Humans arrived in Madagascar around 350 BCE, but did not cause the extinction of Pachylemur and the other giant lemurs immediately. Instead, many human-related factors, such as habitat loss, forest fragmentation, bushmeat hunting, and the introduction of invasive species, along with the gradual desiccation of certain parts of the island, caused their decline and eventual extinction over more than a millennium. The same factors threaten all living lemur species today.

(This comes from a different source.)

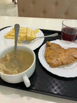 Неоправданно высокая цена за такое качество... Средний чек далеко не 300 р. Максимум только за завтрак ребенку. Зашли поужинать... Нас встретили залежалые салаты, заветрившаяся выпечка и не только. Все какое-то пресное и в большинстве невкусное. Будто на продуктах экономили как могли. Пожалуй из вкусного оказался только фруктовый чай и купаты. Еду приходится самим накладывать да ещё и в разные тарелки (гречка отдельно, котлета отдельно и т.д.). В итоге куча подносов с горой тарелок, которые так и норовят соскользнуть и разбиться. Брала маленькие порции, но лучше б вообще не брала. Оплата только наличными, которых с собой не было. Так как уже не было возможности искать другую столовую пришлось бегать и искать банкомат. Вообщем, вкусно и бюджетно покушать здесь не получится. Удовольствие от приёма пищи даже за деньги не получить. Не рекомендую.

The initial decline of Pachylemur began within 500 years of human colonization, but prior to the establishment of large human settlements. Hunting in the Central Highlands and the spiny thickets likely caused a substantial drop in its population. Large lemurs, including Pachylemur, survived in the Central Highlands, succulent woodlands, and spiny thickets until around 950 CE. Based on radiocarbon dating of subfossil remains collected as of 2010, the most recent remains of P. insignis out of 17 dated specimens came from Ankilibehandry in the succulent woodlands and dated between 680 and 780 CE. Of eight dated specimens, the most recent remains of P. jullyi came from Ampasambazimba in the Central Highlands and dated between 620 and 680 CE. Pachylemur is generally thought to have gone extinct between 680–960 CE, but remains of P. insignis have been found in Ankilitelo Cave (a pit cave in southwestern Madagascar), which is assumed to be less than 500 years old.